It tells us something about Sarah Palin's homage to small-town America, delivered to an enthusiastic GOP convention last week, that she chose to fire it up with an unsourced quotation from the all-time champion of fake populism, the belligerent right-wing columnist Westbrook Pegler.

"We grow good people in our small towns, with honesty and sincerity and dignity," the vice-presidential candidate said, quoting an anonymous "writer," which is to say, Pegler, who must have penned that mellifluous line when not writing his more controversial stuff. As the New York Times pointed out in its obituary of him in 1969, Pegler once lamented that a would-be assassin "hit the wrong man" when gunning for Franklin Roosevelt.

There's no evidence that Mrs. Palin shares the trademark Pegler bloodlust -- except maybe when it comes to moose and wolves. Nevertheless, the red-state myth that Mrs. Palin reiterated for her adoring audience owes far more to the venomous spirit of Pegler than it does to Norman Rockwell.

Small town people, Mrs. Palin went on, are "the ones who do some of the hardest work in America, who grow our food and run our factories and fight our wars." They are authentic; they are noble, and they are her own: "I grew up with those people."

But what really defines them in Mrs. Palin's telling is their enemies, the people who supposedly "look down" on them. The opposite of the heartland is the loathsome array of snobs and fakers, "reporters and commentators," lobbyists and others who make up "the Washington elite."
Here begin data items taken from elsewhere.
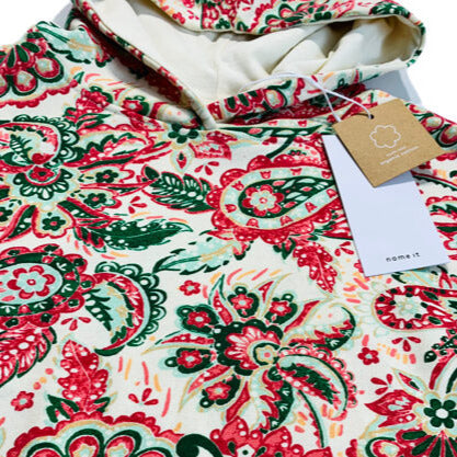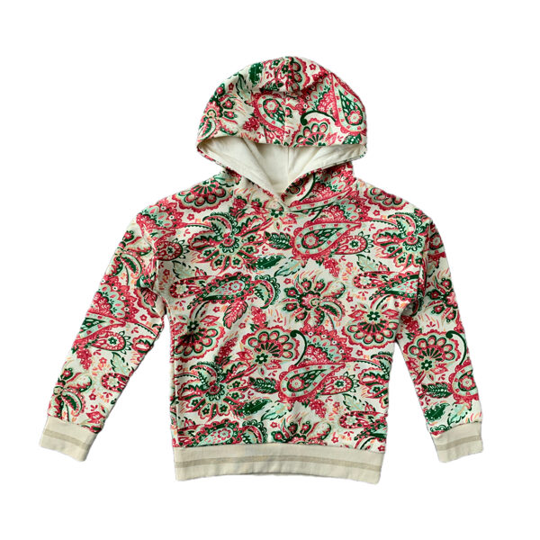 Krēmkrāsas hūdijs ar košu, raibu printu. Iekšpusē mīksts flīsa siltinājums.
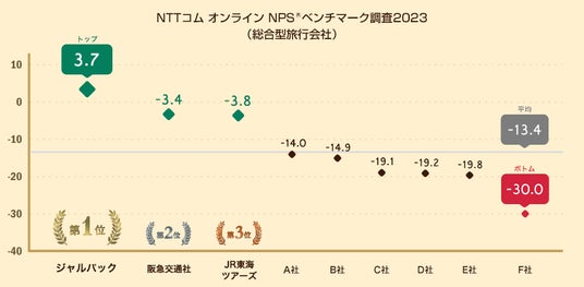 NTTコム オンライン・マーケティング・ソリューション株式会社(本社:東京都品川区、代表取締役社長:塚本 良江、以下NTTコム オンライン)は、NPSベンチマーク調査2023 総合型旅行会社部門を実施しました。この結果、最もNPSが高いのは、ジャルパックとなりました。
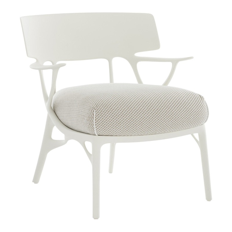 A.I. LOUNGE is the new armchair from the A.I. family that combines sustainable materials and comfort with a graphic design that looks to the future and well-being in our living spaces. An armchair for the living room in which the contours, a distinctive feature of the collection, are combined with maximum seating comfort.Available in white, black, orange and grey and in versions with and without a cushion for indoor and outdoor use.
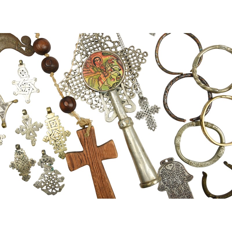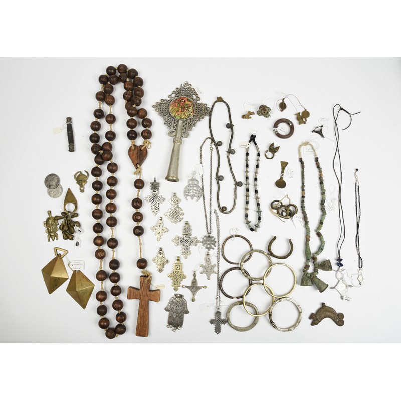 an Ethiopia processional cross, with painted rondals, 26cm high, eight African metal bangles, seven Mali rings, a bronze faceted and diced end bead, 9cm long, a bronze fruit shape bead, 2.7cm long, a Dogon brass bird head pendant, 2.6cm long, a pair of Moroccan brass camel ornaments, 11.5cm long, a Mali metal bead necklace with three bell pendants, 38cm long, two Maria Theresa thalers, and other necklaces and pendants. (qty)
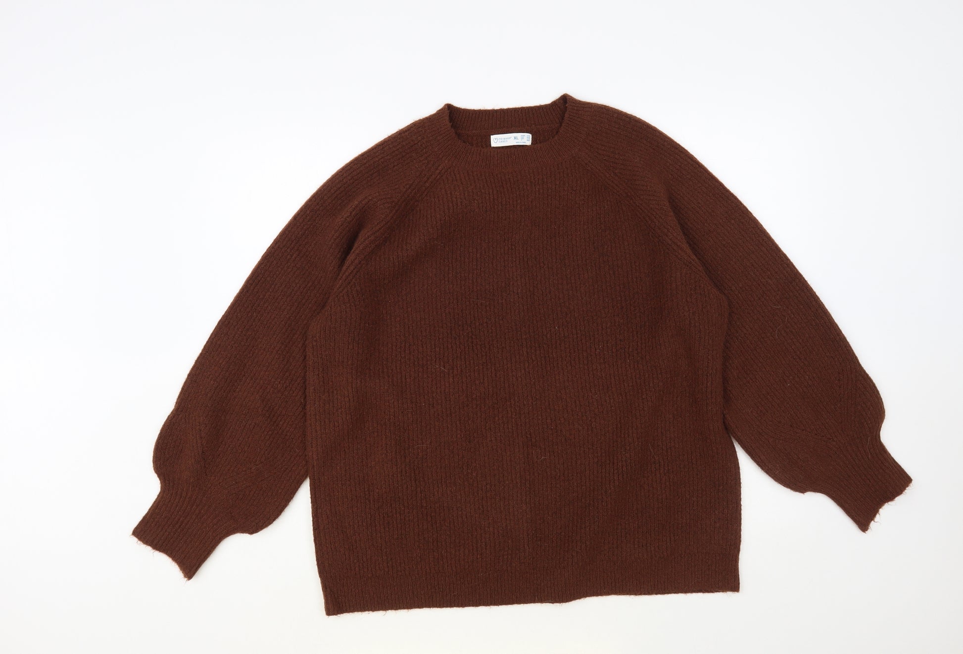 Womens Brown Crew Neck Polyester Pullover Jumper Size 18

Presumably the various elite Washington lobbyists who have guided John McCain's presidential campaign were exempt from Mrs. Palin's criticism. As would be former House Speaker Dennis Hastert, now a "senior adviser" to the Dickstein Shapiro lobby firm, who hymned the "Sarah Palin part of the party" thus: "Their kids aren't going to go to Ivy League schools. Their sons leave high school and join the military to serve our country. Their husbands and wives work two jobs to make sure the family is sustained."

Generally speaking, though, when husbands and wives work two jobs each it is not merely because they are virtuous but because working one job doesn't earn them enough to get by. The two-job workers in Middle America aren't spurning the Ivy League and joining the military straight out of high school just because they're people of principle, although many of them are. It is because they can't afford to do otherwise.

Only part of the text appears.